The Monuments Men, which dramatizes the true story of an American platoon charged with preserving precious European art pieces in the final days of World War II, seems to believe it only needs stars. The movie’s opening section, in which Clooney’s Frank Stokes gathers his crew, barely bothers to give us a sense of these men. Their characters might as well have been named Matt Damon, Bill Murray, etc. In fact, it wasn’t until after the film that I realized I had almost no idea who Clooney’s Stokes even was. A current military officer? A retired veteran? An art professor? As far as The Monuments Men was concerned, it didn’t matter. He was played by George Clooney – that’s all we really need to know.

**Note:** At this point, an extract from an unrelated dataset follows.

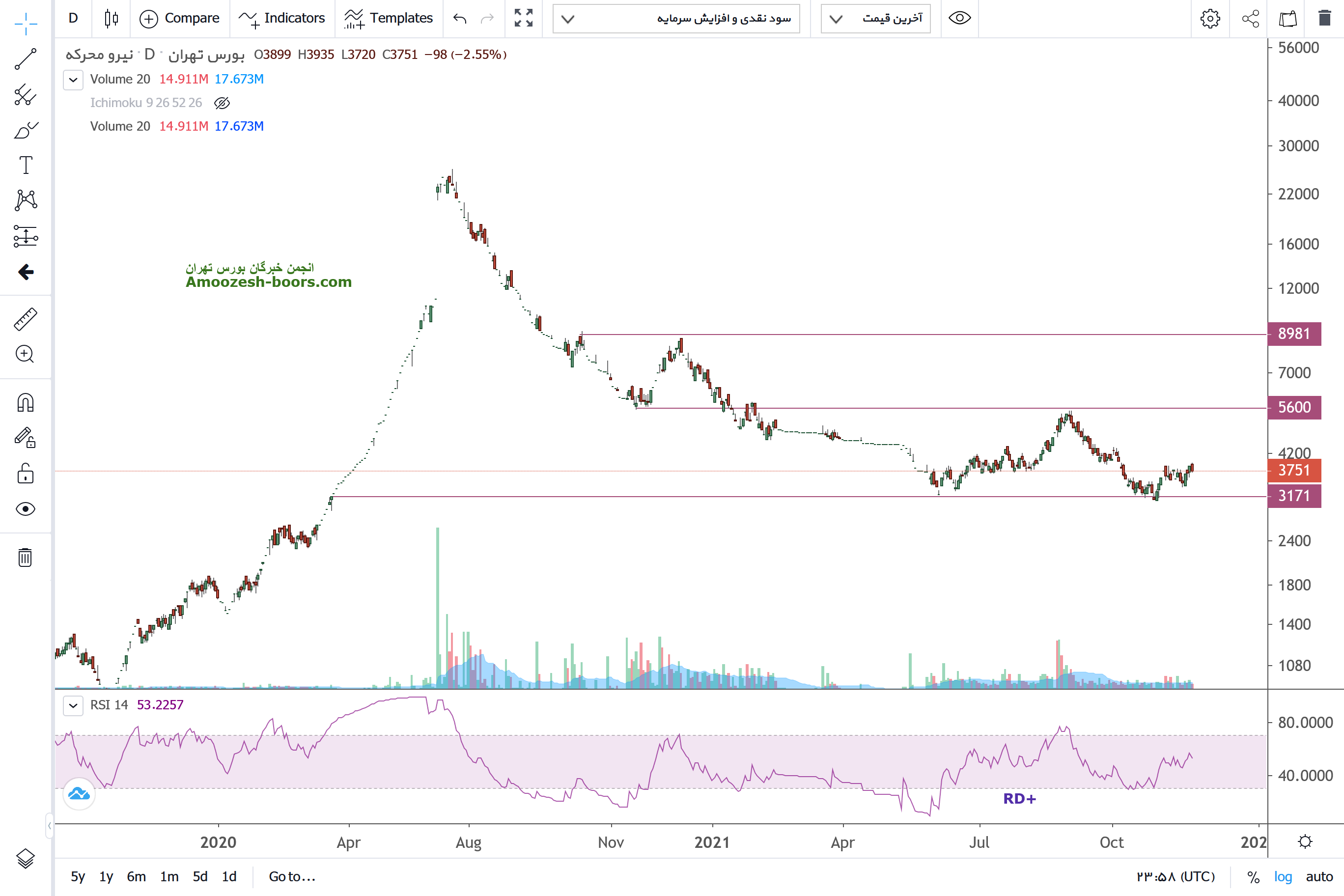 قیمت در حال حاضر در موقعیت کم ریسک حمایت استاتیک واقع شده وواگرایی مثبتی ایجاد نموده است در ص.رت تثبیت مقاومت های 4000 و 5500 بر سر راه سهم قرار گرفته و در صورت از بین رفتن این حمایت حد ضرر فعال خواهد شد .

Once the crew embarks on its mission, the movie adopts the fractured, parallel structure of episodic television. Damon’s character is sent to Paris, where he seeks an art curator played by Blanchett (they’re a poor match). Murray is left to drolly bicker with another team member, played by Bob Balaban, while Goodman and Dujardin take off in another direction. (The latter pairing had me imagining an animated endeavor involving Baloo and Pepe Le Pew.)
Disparate in tone and fairly flat, these scenes are left hanging on their own – and often out to dry. The same could be said for the movie’s stars. The Monuments Men disproves an old entertainment adage: no matter how charismatic the performer, you really don’t want to watch them read the phone book.